Write a Section 609 Letter
As we mentioned above, the FDCPA grants you several rights when it comes to dealing with debt collectors.
One of those rights, as specified under Section 609, is the right to request debt validation.
Debt validation is important in determining if Nationwide Recovery Service has the correct information regarding your debt.
This can prevent you from paying someone else’s debt or paying based on false information.
Even if you know that the debt is yours, you should still request debt validation. Any slight error could allow you to have the entire debt voided and removed from your credit report.
How To Request Debt Validation
To request that Nationwide Recovery Service validate your debt, you must send them a Section 609 letter.
This is an official request for them to verify various details such as the dates of account payments, original creditor, and name associated with the debt.
Make sure that this letter is postmarked no later than 30 days after you first heard from them.
If you procrastinate beyond this, they are not required to validate the debt.
One of two things should happen after you send a Section 609 letter.
They will either be able to provide documents meant to prove that the debt is yours, or they will be unable to provide these documents and must remove the collection account from your credit report.
Even if Nationwide Recovery Service sends you documentation, you should still go through it and look for errors.
Make a Deal with Nationwide Recovery Service
If they are able to validate your account, don’t panic. You still have a chance at getting their entry removed from your account.
Your next step in the collection process is to make a deal with them that works for both of you.
Namely, you will need to make a pay-for-delete agreement with them.
Pay-for-delete agreements are common in the debt collection industry. But you may have a hard time getting Nationwide Recovery Service to agree to one.
Debt collectors use account deletions as a last resort to get their customers to pay.
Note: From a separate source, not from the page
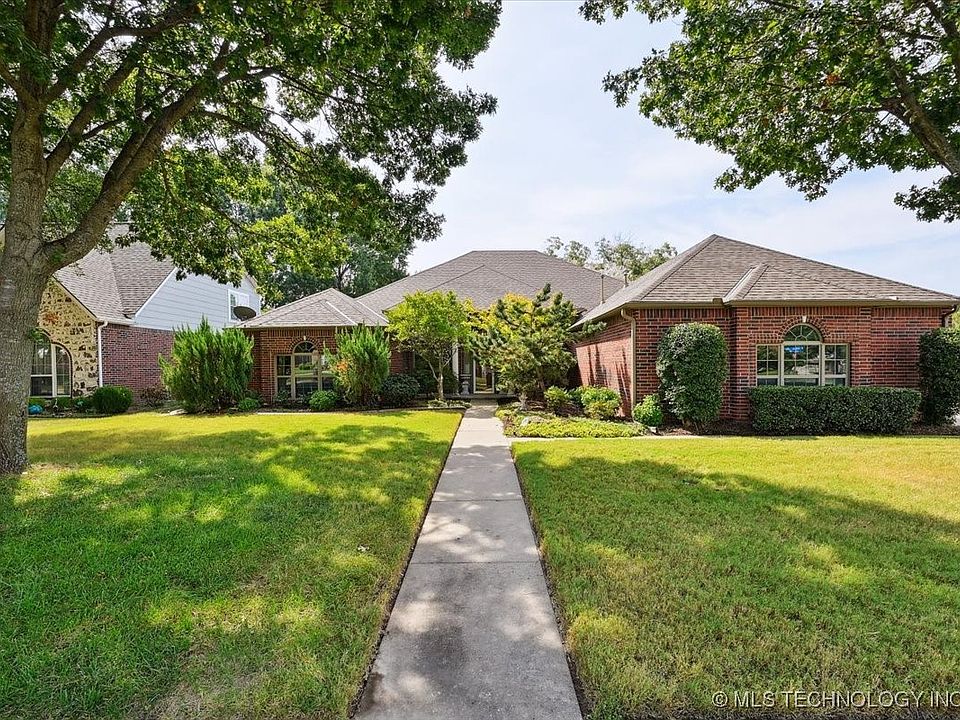 Dream House with gorgeous Sunroom and beautiful Italian Fountain backyard at Corner Lot in Cul-de-sac !!! Family friendly Pecan Grove neighborhood, close to Creek Turnpike and highway 169. One story plan, 3 bed/ 2.5 bath, 3 car garage with custom flooring and granite wash station. Kitchen with granite and island, walk-in pantry. Huge Master Suite, over-sized closet with dressing mirror, spa whirlpool tub, and walk-in shower with bench. Formal dinning/ office. Sunroom with climate controlled and triple pane windows to completely eliminate outside noise. Over-sized laundry room. Beautiful custom fabric shades in all rooms. Professional landscape. Generac Guardian Series. Ready to move in to enjoy peaceful life in city !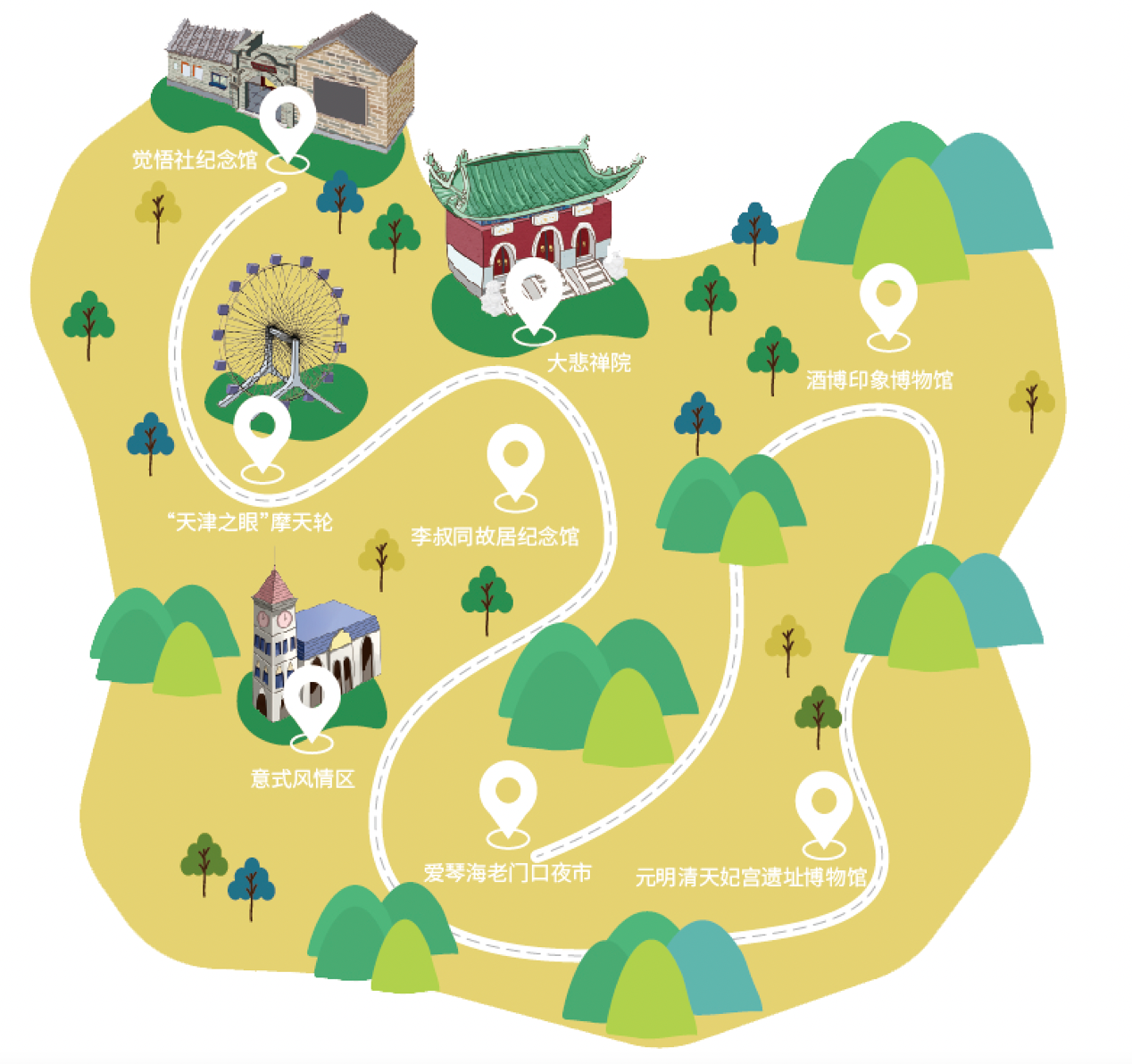 觉悟社纪念馆——“天津之眼”摩天轮——大悲禅院——李叔同故居纪念馆——意式风情区——元明清天妃宫遗址博物馆——酒博印象博物馆——爱琴海老门口夜市

This is because the practice is frowned upon and is seen as falsifying official records. It isn’t illegal, but it will take some negotiating on your part to get them to agree.
I recommend offering to pay half of the balance in exchange for account removal.
This sets the bar pretty low, which means that Nationwide Recovery Service may be more willing to offer you a deletion at a higher amount.
Get the agreement with them in writing before you make your first payment on the debt.
This allows you to have proof to bolster your claims if they refuse to remove the account after you pay.
They should remove the account about one month after they receive your first payment.
Monitor your credit report to make sure that they follow through.
Ask For Help Dealing with Nationwide Recovery Service
Not everyone is comfortable taking on Nationwide Recovery Service by themselves. That’s where hiring a credit repair company can come in handy.
Credit repair companies help consumers clean up their credit reports by working with debt collectors to negotiate deletions.
They will take over all of the communications with the debt collector so that you don’t jeopardize your account removal.
It’s critical that you work with a credit professional that is a good match for your credit needs.
No one said that dealing with a collection agency was easy, but it will certainly save you headaches when you go to apply for a mortgage or credit card.
Does Nationwide Recovery Service Have Any Complaints?
No one enjoys hearing from a debt collector, and this holds true for Nationwide Recovery Service.
Their customers have had a lot to say about them over the years, and not a lot of it is positive.
They have had 66 complaints filed with the Better Business Bureau (BBB) and over 100 complaints filed with the Consumer Financial Protection Bureau (CFPB).
They have been involved in at least 6 cases of civil litigation.
A lot of the problems with Nationwide Recovery Service stem from their disregard of the Fair Debt Collection Practices Act (FDCPA).
This is meant to protect consumers from various abuses from collection agencies. We will discuss what the FDCPA means for rights later on.
If you have been experiencing issues with Nationwide Recovery Service, you have a right to lodge a complaint as well.